Show np-completeness of Disjoint Hamiltonian Path

Consider the problem of Disjoint Hamiltonian Path:

Input: A graph which may be directed or undirected

Output: Does this graph exist at least 2 Hamiltonian Paths that are edge-disjoint? Edge-disjoint means that no single edge is shared by two paths.

Show that Disjoint Hamiltonian Path is np-complete.

I have been told that this problem is np-complete, but I couldn't prove it is np-hard. I tried reducing the original Hamiltonian Path and Hamiltonian Cycle to this problem but I couldn't think of a solution.

I came up with the following reduction, not sure if it's the simplest but it is simple.
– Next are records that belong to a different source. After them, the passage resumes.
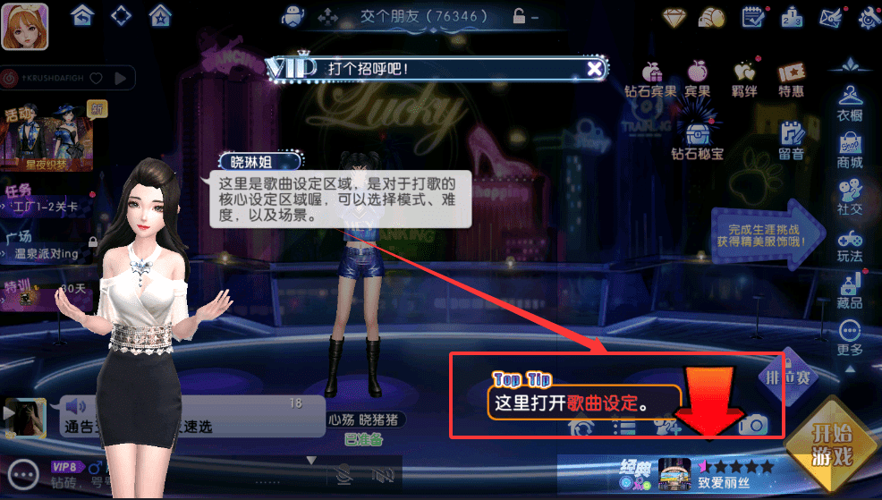 3、打歌前记得点开歌曲设定,选择喜欢的模式和难度,搭配钻石模型等外观,让表演更个性。
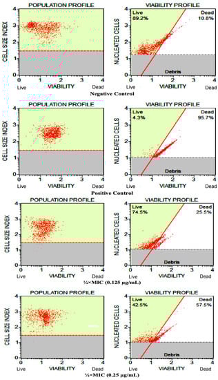 The effect of test NPs on the cell viability profile of C. albicans was tested at different concentrations (¼ × MIC and ½ × MIC), and the results are presented in Figure 9. Results indicated that the test NPs at sub-inhibitory concentrations considerably decrease the cellular viability compared to control cells. Post-analysis, it was observed that at ¼ × MIC value, there was 25.5% ± 2.7% cell death, while a significant increase in the percentage of cell death (57.5% ± 2.0%) was detected after the cells were exposed to ½ × MIC value. Unexposed and heat-killed cells were used as negative and positive controls, showing 10.8% ± 1% and 95.7% ± 2% dead cells, respectively. In the population profile square (Figure 9), debris was omitted from the cell population based on cell size index to maintain the assay’s accuracy and avoid false results. From the viability profiling of these nanoparticles, which reported the fungicidal activity of these bimetallic NPs, it can be concluded that these NPs could have targeted fungal cell membrane and thereby disrupt cellular integrity, which results in cell death. However, further studies are required to confirm these claims.
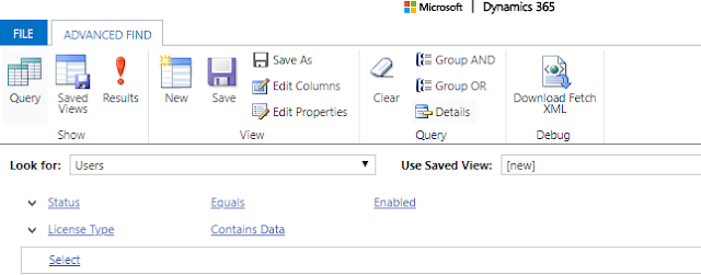 With Advanced Find View we can see who the users are enabled and which license type the user is assigned on the Dynamics 365.
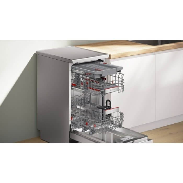 Bosch SPS6EMI21E keskeny mosogatógép, 45 cm, nemesacél, 10 teríték, 44 dB(A), Home Connect, ExtraDry, VarioDrawer Pro, Silence program (3 év jótállás fogyasztónak)
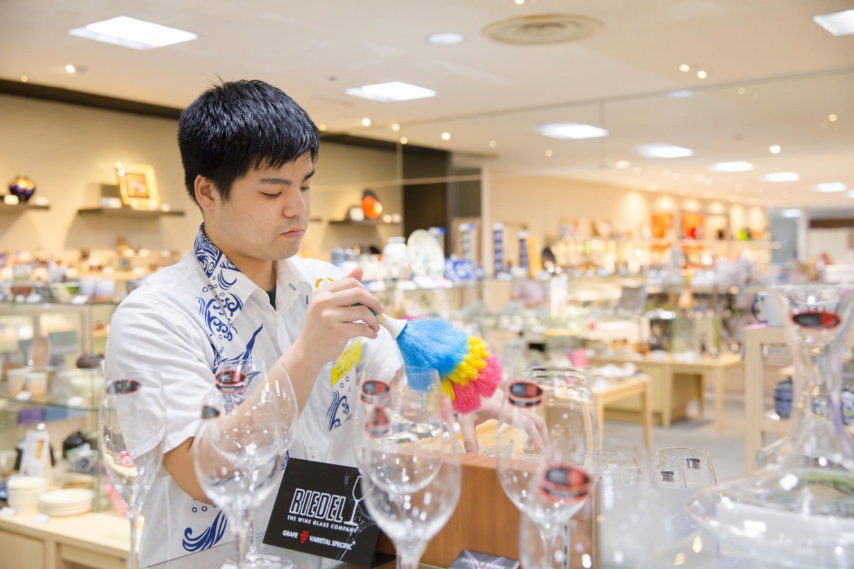 高級品を割ってしまわないよう、丁寧にほこりを取る瑞慶覧さん。掃除を行いながら、商品の知識を教わるのも研修の一環
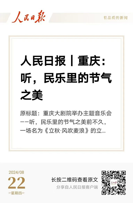 重慶大劇院舉辦主題音樂會(huì)——聽,民樂里的節(jié)氣之美
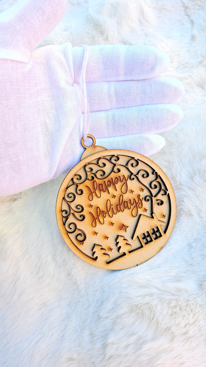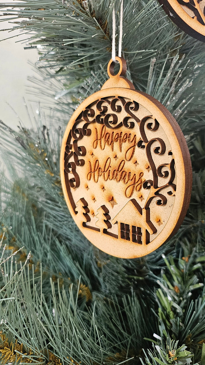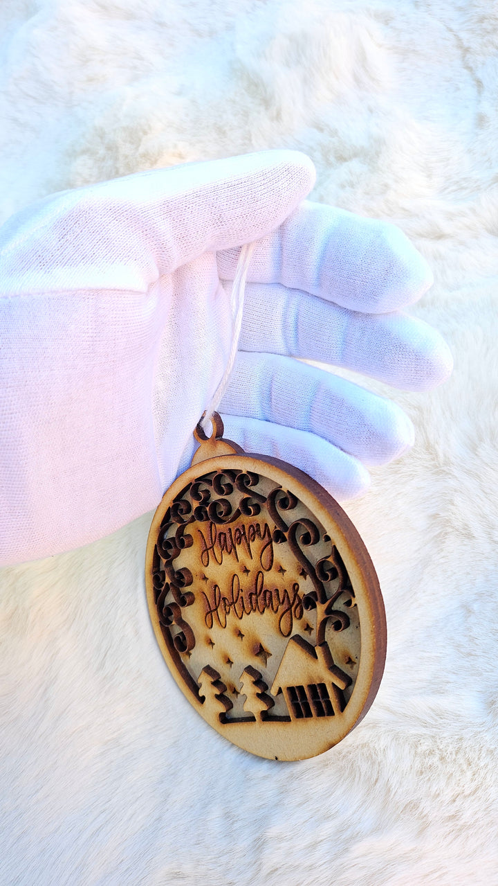 Add warmth and festive elegance to your Christmas décor with our Happy Holidays wooden hanging ornament — laser-cut and engraved with precision for a timeless handcrafted look. Each ornament features intricate detailing of trees, stars, and a cozy holiday home scene, perfect for any Christmas tree or gift wrap.
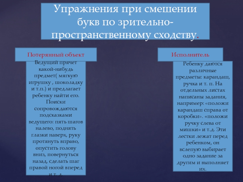 Ребенку даются различные предметы: карандаш, ручка и т. п. На отдельных листах написаны задания, например: «положи карандаш справа от коробки». «положи ручку слева от мишки» и т.д. Эти лестки лежат перед ребенком, он вслепую выбирает одно задание за другим и выполняет их.
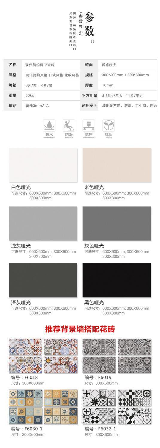 佛山瓷磚批發300x600小白磚廚房陽臺衛生間平面啞光牆磚格子磚
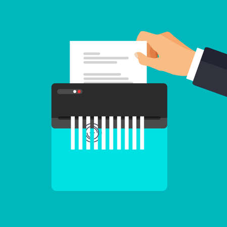 Paper shredder machine icon. Broken or torn confidential and private document. Hand holds contract. Vector Illustration.
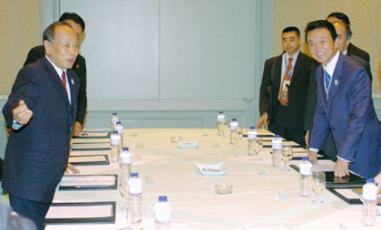 Minister Li Zhaoxing (L) and his Japanese counterpart Taro Aso meet
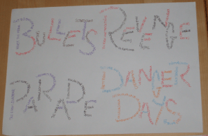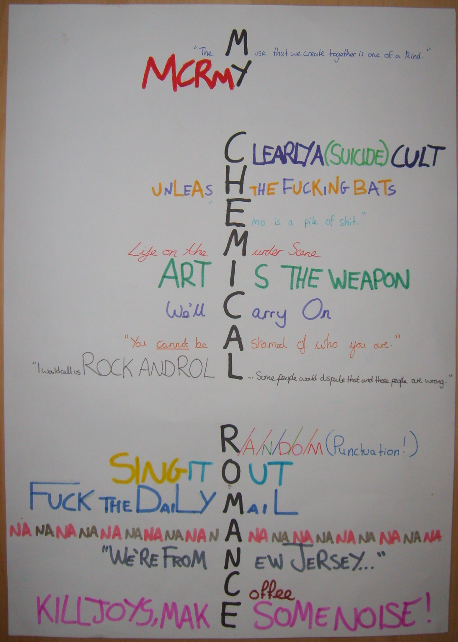 There is a lyric from every original song in there, I think, but one of them is wrong. I did redo it (twice) but then I remembered that age-old saying “Would you destroy something perfect in order to make it beautiful?” and watched television instead.
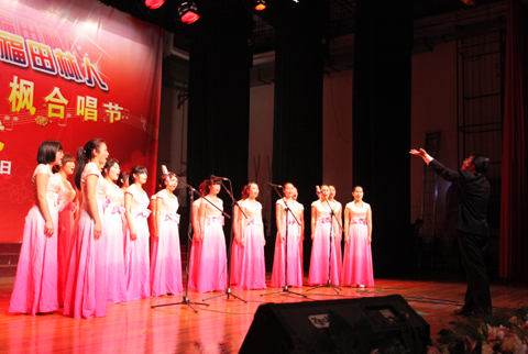 十八大描绘出人民福祉和美丽中国,让社区充满着喜庆,居民洋溢着幸福。12月14日下午,“喜庆十八大•幸福田林人”田林社区首届红枫合唱节开幕式在徐汇影剧院举行,我校欢悦女声合唱社作为唯一入选的学校演出团队,与上海民族乐团、上海轻音乐团、城市合唱团等专业艺术团体同台演出,代表全校大学生参与社区共建,同庆党的十八大。
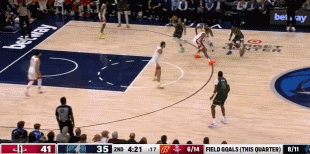 比赛第二节末段,森林狼打出一波20-2的进攻高潮,单节轰下38分,单节领先火箭16分!

Suppose G is an undirected graph corresponding to an instance of HP. Now construct a new graph G' in the following way:

• Keep every vertex from G.
• For every edge (u,v) in G, create 4 additional vertices and connect them in the following way :

Now it is easy to see that if G has a Hamiltonian path, G' will have two edge-disjoint Hamiltonian paths, because every edge was replaced by some subgraph which itself has two edge-disjoint Hamiltonian paths (go straight or take the curvy edges). And if G' has a HP, then so does G because once you enter the subgraph corresponding to one of the original edges you have no choice but to get out of it on the other end, which corresponds to taking the original edge in G. The only "problem" that could occur is if the path were to start or end inside one of these subgraphs, but then we can just ignore the small part of the path which is inside and still get a HP for G.

And notice that G' has a HP => G has a HP => G' has two edge-disjoint HPs. Thus, G has a HP <=> G' has two edge-disjoint HPs.

The transformation can obviously be done in poly-time, thus your problem is NP-Hard.

The directed case is similar, just direct the edges in the transformed graph accordingly.